I first investigated the possibility of using a large enough reprogrammable FPGA to be able to handle basic image acquisition tasks, fixed-pattern noise elimination, and image compression (i.e. baseline JPEG), without slowing down a sensor (~20 MHz pixel rate). An additional goal was to be able to use free FPGA development software, so it would make sense for me to post Verilog sources so that users would be able not only to build the camera software from sources but to do the same with the hardware (FPGA) part.

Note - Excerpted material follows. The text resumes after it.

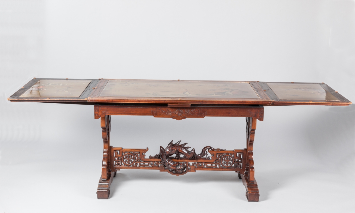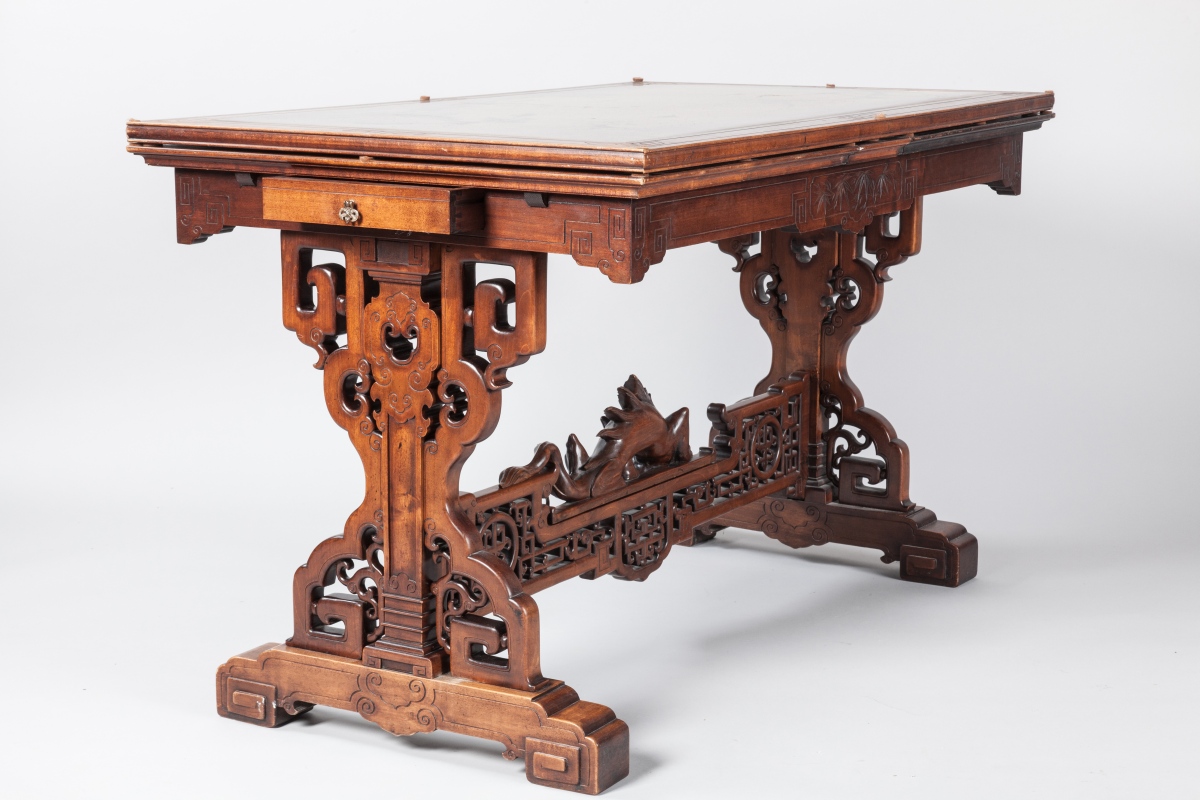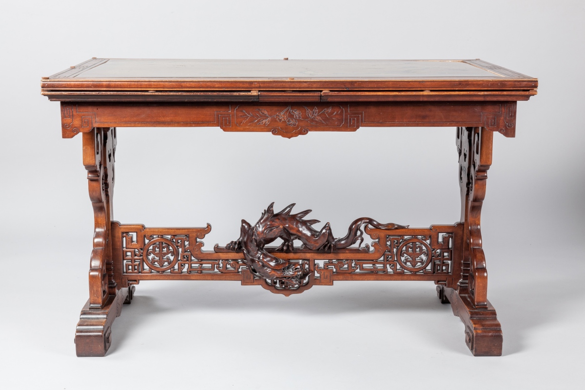 TABLE DE BIBLIOTHÈQUE en bois exotique sculpté et gravé. Le plateau de forme rectangulaire est recouvert d'une peinture japonaise à décor de pagode et d'oiseaux branchés sur un fond doré à la feuille. Il s'ouvre en partie latérale par deux tirettes ornées de façon similaire et deux tiroirs. Ceinture gravée de filets à la grecque et centrée de fleurs et bambous. Deux pieds patins ajourés d'enroulements japonisants sont réunis par une entretoise ornée d'un spectaculaire dragon sculpté en ronde bosse.

Incidentally, I'm not sure if it still makes sense to call it "hardware", as you do not even need to open the case to modify it. But there are at least two arguments that it still is hardware: (1) it's easy to fry the thing, by installing the wrong code in the FPGA (I had to hold my finger on the chip while first debugging the download process); and (2) the speed -- namely, a nearly 100x increase in compression performance and the fact that my Athlon-700 based PC is about 2.5 times slower in decoding than the camera FPGA in encoding (both require approximately the same amount of calculations) and the FPGA does not have any heat sink and is just slightly warmer than the environment.

Picking an FPGA

It was not difficult to find a good FPGA candidate. The latest member of Xilinx's low-cost Spartan IIe FPGA family -- a 300K gates XC2S300E chip (see note below, for an update). Plus, they have free ISE Webpack development software available for download that worked fine for the design and was able to make use of 98% of the chip's resources.

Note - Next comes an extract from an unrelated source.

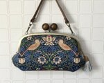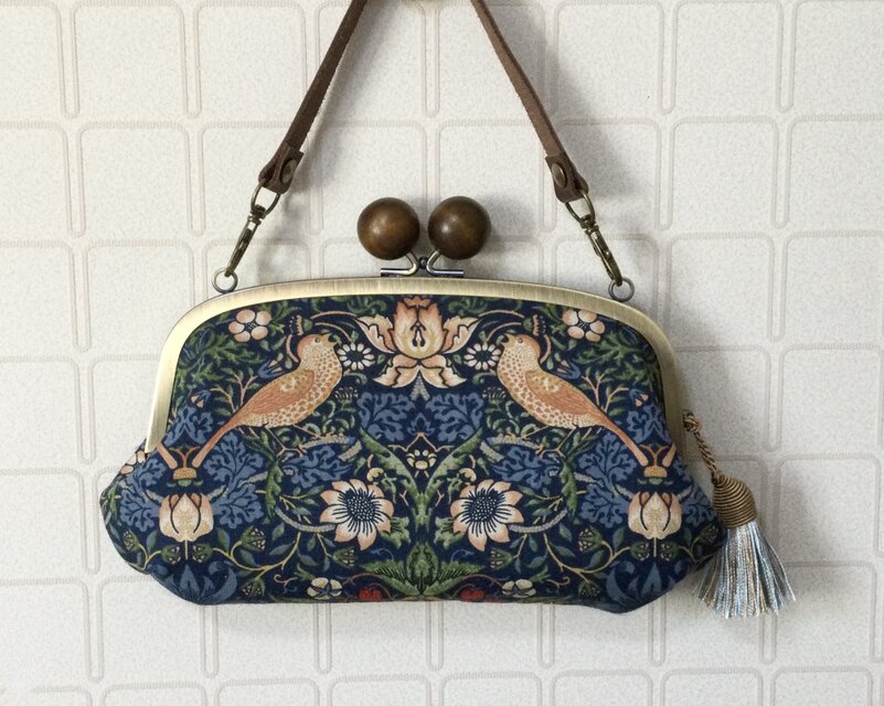 ウイリアムモリス いちご泥棒で作りました木玉のがま口長財布バッグです

Unfortunately, the free version of the 3rd party simulator Xilinx included with their free development software package proved useless for my purposes, as its 500 line limit is not serious for simulating such a design. I do not think this is a real problem for the Linux community, since some of the Open Source simulators can probably be combined with the Xilinx ISE for Linux.

Before starting an actual design, I had to evaluate whether the JPEG compressor and other required circuitry would fit into the selected FPGA (I did not have prior experience with Xilinx devices). So I looked for commercial IPs and found that they really do exist (although they're rather expensive), and thereby determined that the chip should handle the job.

I also located an XAPP610 application note which includes source code for an 8x8 DCT core that is fast enough and uses less than 30% of the chip (I later found out that I had to modify it).

Architecture of the Model 313

I didn't get around to really starting the new design until August, at which time I downloaded the Xilinx development software and designed the schematic and PCB layout for the Model 313 camera, making it exactly the same physical dimensions as the old one.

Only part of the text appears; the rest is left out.